## What the exercise asks
With the line containing "9、加官进爵提示血量和切割值、品阶满了之后到称号提升npc提升" as the start and the line containing "Pfingstrosen (Paeonia sp.)" as the end, transcribe that span of the entries below exactly, including both.
---- Dataset
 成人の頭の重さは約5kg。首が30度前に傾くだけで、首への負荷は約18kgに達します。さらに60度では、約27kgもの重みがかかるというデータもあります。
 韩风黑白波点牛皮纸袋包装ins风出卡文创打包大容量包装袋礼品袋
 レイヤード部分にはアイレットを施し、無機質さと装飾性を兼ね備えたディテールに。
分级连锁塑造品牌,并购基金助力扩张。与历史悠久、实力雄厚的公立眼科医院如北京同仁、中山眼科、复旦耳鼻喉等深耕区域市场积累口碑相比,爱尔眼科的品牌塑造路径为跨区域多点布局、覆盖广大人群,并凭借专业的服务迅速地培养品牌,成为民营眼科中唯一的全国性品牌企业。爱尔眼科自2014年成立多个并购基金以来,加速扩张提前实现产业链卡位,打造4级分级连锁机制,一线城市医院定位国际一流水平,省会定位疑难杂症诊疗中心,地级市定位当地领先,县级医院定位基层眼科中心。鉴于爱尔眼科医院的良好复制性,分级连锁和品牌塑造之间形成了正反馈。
--------
---- Dataset
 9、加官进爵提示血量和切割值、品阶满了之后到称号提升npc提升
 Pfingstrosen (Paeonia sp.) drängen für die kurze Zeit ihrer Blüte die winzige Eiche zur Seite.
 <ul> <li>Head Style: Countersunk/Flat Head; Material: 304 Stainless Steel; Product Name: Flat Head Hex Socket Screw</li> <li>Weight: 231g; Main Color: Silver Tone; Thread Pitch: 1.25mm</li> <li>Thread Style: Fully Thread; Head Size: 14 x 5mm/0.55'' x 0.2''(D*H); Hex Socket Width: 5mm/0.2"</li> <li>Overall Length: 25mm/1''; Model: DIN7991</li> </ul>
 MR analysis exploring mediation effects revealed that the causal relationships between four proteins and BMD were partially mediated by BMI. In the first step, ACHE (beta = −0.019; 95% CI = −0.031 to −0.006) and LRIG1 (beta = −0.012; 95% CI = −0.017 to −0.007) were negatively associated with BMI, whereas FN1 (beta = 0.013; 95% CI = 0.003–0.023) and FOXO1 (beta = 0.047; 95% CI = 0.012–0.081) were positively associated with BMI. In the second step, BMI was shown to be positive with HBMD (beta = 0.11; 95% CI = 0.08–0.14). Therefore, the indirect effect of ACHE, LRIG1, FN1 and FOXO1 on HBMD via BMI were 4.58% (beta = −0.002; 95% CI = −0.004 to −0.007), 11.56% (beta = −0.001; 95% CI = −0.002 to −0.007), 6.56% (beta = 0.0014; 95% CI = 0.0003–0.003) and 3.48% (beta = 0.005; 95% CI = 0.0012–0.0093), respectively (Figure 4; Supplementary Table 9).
--------
---- Dataset
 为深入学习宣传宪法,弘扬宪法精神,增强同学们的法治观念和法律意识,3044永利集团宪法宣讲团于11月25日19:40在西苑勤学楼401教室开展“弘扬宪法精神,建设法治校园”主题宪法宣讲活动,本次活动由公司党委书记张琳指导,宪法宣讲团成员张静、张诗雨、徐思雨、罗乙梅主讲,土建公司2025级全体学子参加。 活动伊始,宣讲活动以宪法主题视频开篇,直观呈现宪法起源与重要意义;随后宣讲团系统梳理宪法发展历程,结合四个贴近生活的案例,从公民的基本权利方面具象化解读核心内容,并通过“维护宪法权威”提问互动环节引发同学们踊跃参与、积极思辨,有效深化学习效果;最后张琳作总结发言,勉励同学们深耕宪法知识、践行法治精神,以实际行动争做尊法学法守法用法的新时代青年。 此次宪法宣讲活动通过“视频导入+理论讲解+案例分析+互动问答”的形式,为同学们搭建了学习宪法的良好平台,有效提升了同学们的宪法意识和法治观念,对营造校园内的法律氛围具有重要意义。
--------
## Answer below
 9、加官进爵提示血量和切割值、品阶满了之后到称号提升npc提升
 Pfingstrosen (Paeonia sp.) drängen für die kurze Zeit ihrer Blüte die winzige Eiche zur Seite.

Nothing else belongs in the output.